■ Task goal: A partial copy is required: transcribe exactly the lines from the one containing "組立設置付 コンセント付き・モダン畳チェストベッド 国産畳 ベッドガードなし シングル" through the last line below, without any pictures.

■ Raw data:
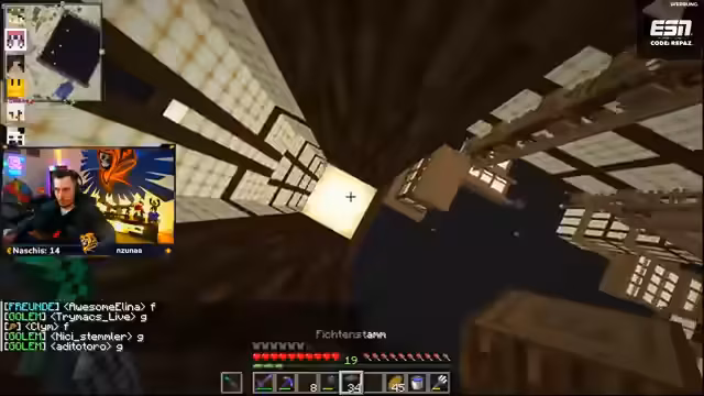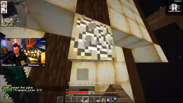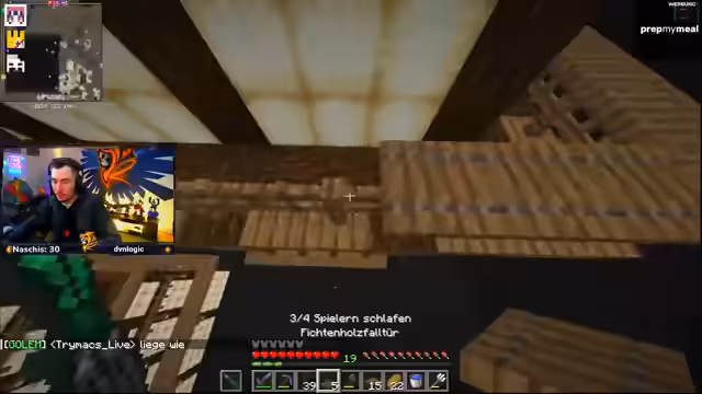 04:14:36Trimax äußert im Chat seine Frustration darüber, dass niemand schlafen geht und die Nächte unspielbar sind. Er fordert den gesamten Server auf, sein Schlafverhalten zu überdenken, da nur vier Leute zum Schlafen benötigt werden. Der Streamer nimmt dies zur Kenntnis und setzt seine Bauarbeiten fort, wobei er sich an den darunter liegenden Strukturen orientiert. Ein Clip über Nick wird erwähnt, den der Streamer lieber nicht sehen möchte, da er ahnt, dass dieser unangenehm ist. Er betont die Wichtigkeit von Nicks Anwesenheit im „Loch“ (dem Bauprojekt) und fragt, ob Eli über Nicks geplante Arbeit am nächsten Tag informiert ist. Es wird über die Fertigstellung des Projekts bis Freitag gesprochen, da dies der einzige Tag ist, an dem alle Teammitglieder anwesend sind. Der Freitag soll mit einem kleinen Event und einem Brunch gefeiert werden. Der Streamer und ein Mitspieler sind die letzten verbliebenen „Säulen“ des Projekts. Der Streamer hat sich vorgenommen, ein Haus pro Tag zu bauen, oder zwei kleine Häuser und eine Brücke. Er bemerkt, dass er noch kein kleines Haus gebaut hat und möchte sich auf Fokusarbeit konzentrieren. Kroko wird erwähnt, der League of Legends spielt, obwohl er schlafen gehen wollte. Der Streamer beschließt, sein Haus fertigzustellen und danach Rollenspiel zu betreiben. Er überarbeitet seine Bauweise und entscheidet sich für mehr Fantasie und Abwechslung bei den Abständen der Bauelemente. Er stellt fest, dass er noch lange nicht fertig ist, da noch die Außenfassade und das Dach fehlen. Es wird über die Müdigkeit gesprochen und der Wunsch geäußert, dass das Projekt bald abgeschlossen ist. Ein Mitspieler schlägt eine extreme Idee vor: den Bau einer riesigen Akaza-Statue mit einem Netherite Beacon in der Hand, was der Streamer als „todlangweiligen Grind“ ablehnt. Er schlägt stattdessen ein unscheinbares, kaputtes Haus vor, das von oben in ein verstecktes, beeindruckendes Bauwerk führt. Die Diskussion über die Größe von Akaza und die Schwierigkeit des Netherite-Grinds setzt sich fort. Der Streamer erhält eine Nachricht, dass Nick für „nette Mädchen“ arbeiten will, und beklagt den Mangel an Froglights. Er stellt fest, dass es seltsam sein wird, wieder ein normales Leben zu führen, wenn das Projekt beendet ist. Die Frage nach Mällers langen Wachzeiten wird gestellt, und es wird über die Wohnsituation und die Lautstärke beim Streamen gesprochen.
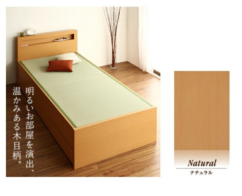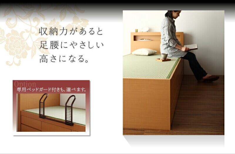 組立設置付 コンセント付き・モダン畳チェストベッド 国産畳 ベッドガードなし シングル
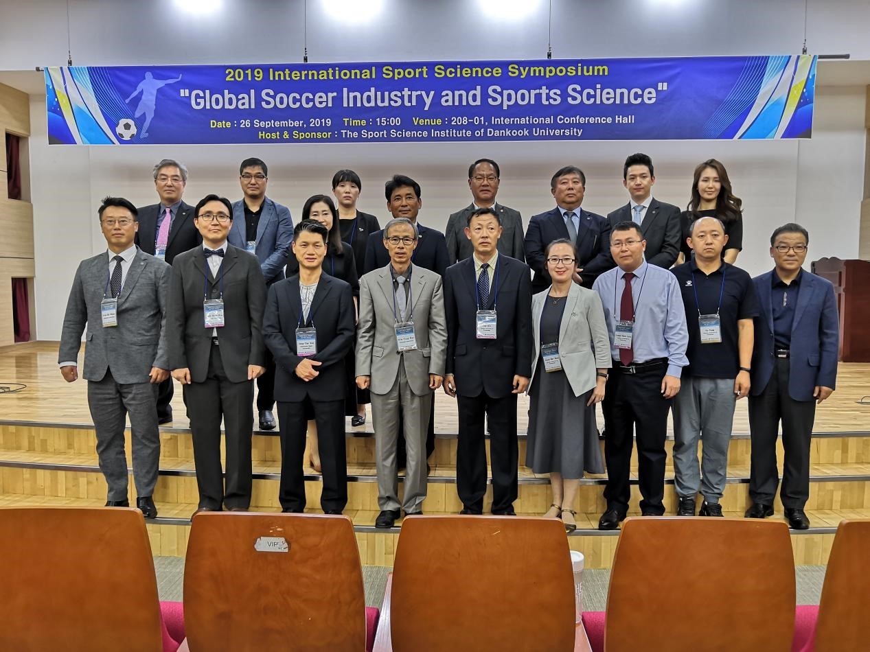 9月25日至9月28日,​太阳集团tyc539macau副经理张美珍副教授、全国青少年校园足球联赛裁判长左彬副教授、体育教育系副主任张振龙博士和公共体育部主任顾勇,一行四人受邀参加了由韩国檀国大学举办的“2019 GLobal Soccer Industry and Sports Science”(国际体育科学研讨会),本次研讨会意在促进国际化足球产业发展及体育科学支持方向的理论及实践研究成果交流。

■ Reply:
 組立設置付 コンセント付き・モダン畳チェストベッド 国産畳 ベッドガードなし シングル
 9月25日至9月28日,​太阳集团tyc539macau副经理张美珍副教授、全国青少年校园足球联赛裁判长左彬副教授、体育教育系副主任张振龙博士和公共体育部主任顾勇,一行四人受邀参加了由韩国檀国大学举办的“2019 GLobal Soccer Industry and Sports Science”(国际体育科学研讨会),本次研讨会意在促进国际化足球产业发展及体育科学支持方向的理论及实践研究成果交流。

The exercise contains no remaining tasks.